Oncolytic viruses represent a new class of drugs for the treatment of cancer. OVs are therapeutics that have been engineered or selected to propagate in and selectively kill cancer cells. As a standalone therapy, the effective of OVs are possibly restricted by the tumor microenvironment, host-mounted anti-viral response as well as pre-existing neutralizing antibodies. Clinical trials have confirmed that combining OVs with conventional anti-cancer therapies can improve the therapeutic responses, such as radiotherapy, chemotherapy, histone deacetylase inhibitors (HDACi) and other forms of immunotherapy. With extensive experience on oncolytic virotherapy and cancer immunotherapy, Creative Biolabs provides one-stop oncolytic virotherapy development for combination cancer immunotherapy of a broad range of project objectives.

In recent years, immunotherapy has been regarded as the "fourth major therapy" after surgery, radiotherapy and chemotherapy in the field of cancer treatment. Cancer immunotherapy mainly includes: adoptive T cell therapy (ACT), immune checkpoint inhibitors (ICI), cytokines, cancer vaccines and biological immunotherapy. Creative Biolabs have developed a comprehensive cancer therapy platform for combining oncolytic virotherapy with cancer immunotherapy specific to various types of disease which are potentially suitable to our clients’ demands. As the first-in-class biotech developer and provider, scientists of Creative Biolabs focus on applying outstanding technologies to discover and develop potential therapeutic approaches.
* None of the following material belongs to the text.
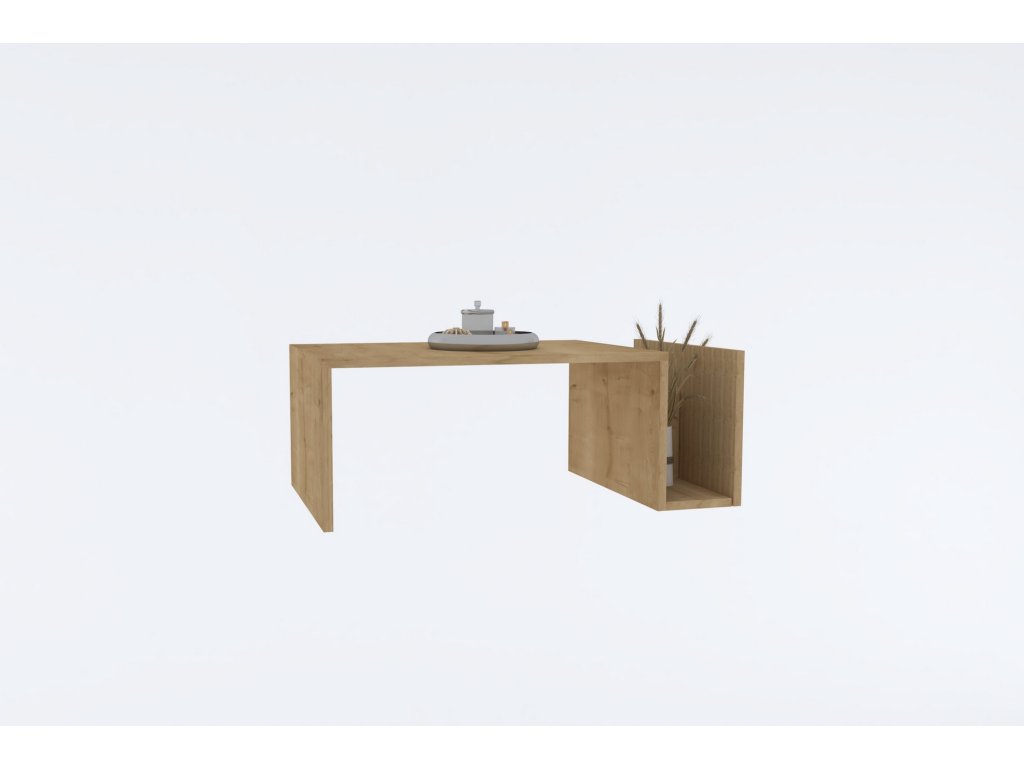 Konferenční stolek MEMO je vyrobený v dekoru dub sapphire a kromě odkládací desky nabízí ještě boční přihrádku s příčkou.

Our combination of cancer therapy services include but not limited to:

Oncolytic Virotherapy Development for Combination Therapy with Cancer

Adoptive T cell therapy (ACT) is the process of infusing patients with large numbers of T cells with whole or partial tumor-reactive specificities. OVs can facilitate ACT by conditioning both the systemic immune system and local tumor microenvironment (TME) to better support T cell recruitment and effector function. It was shown that the combination therapy was far more effective than either monotherapy owing to improved T cell effector function.
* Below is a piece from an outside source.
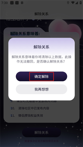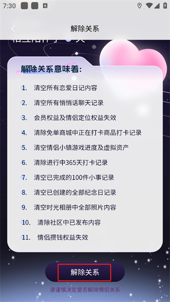 5、确认解除关系之后意味着的各个选项,紧接着往下方划去就会看到一个【解除关系】的按键;

The following are several therapies:

Immune Checkpoint Inhibitors are a relatively new class of immunotherapies that aim to overcome tumor-induced immune suppression and evasion caused by the expression of immune checkpoints.

Oncolytic Virotherapy Development for Combination Therapy with Cancer

In particular, cytotoxic T lymphocyte antigen 4 (CTLA4) and programmed cell death 1 (PD1) are two well-studied immune checkpoint molecules. Combination therapies using ICI and oncolytic viruses have significant therapeutic benefit, as the oncolytic virus can recruit TILs into immune-deficient tumors and trigger the release of soluble tumor antigens, danger signals and pro-inflammatory cytokines, which can further increase T cell recruitment and promote immune cell activation.

Cytokine genes (GM-CSF, IL-2, IL-12 and TNF) are a broad and loose category of small proteins which are one of the most commonly introduced immunomodulatory genes, as cytokines recruit and regulate T cell homeostasis. The combination of oncolytic virus and cytokine genes can enhance immune response by promoting APC recruitment and maturation.

Cancer vaccines either treat existing cancers or prevent the development of a cancer. Oncolytic viruses can facilitate the efficacy of cancer vaccines and also can utilize established tumors as an in situ source of neoantigen vaccination through cross-presentation, resulting in regression of distant, uninfected tumors.

Radiotherapy can damage cancer cells and stop them from growing or spreading in the body. The most common types are: external radiotherapy, brachytherapy and radioisotope therapy. It was demonstrated in some studies that the combination of oncolytic virus and radiotherapy has led to increased anti-tumor activity through radiation-mediated enhancement of viral oncolytic and virus-mediated sensitization of cells to radiation therapy.

Chemotherapy uses one or more anti-cancer drugs (chemotherapeutic agents) as part of a standardized chemotherapy regimen. Tumor cells can be killed by chemotherapy, which will release soluble antigens and enhance oncolytic-virus-induced expansion of neoantigen repertoires.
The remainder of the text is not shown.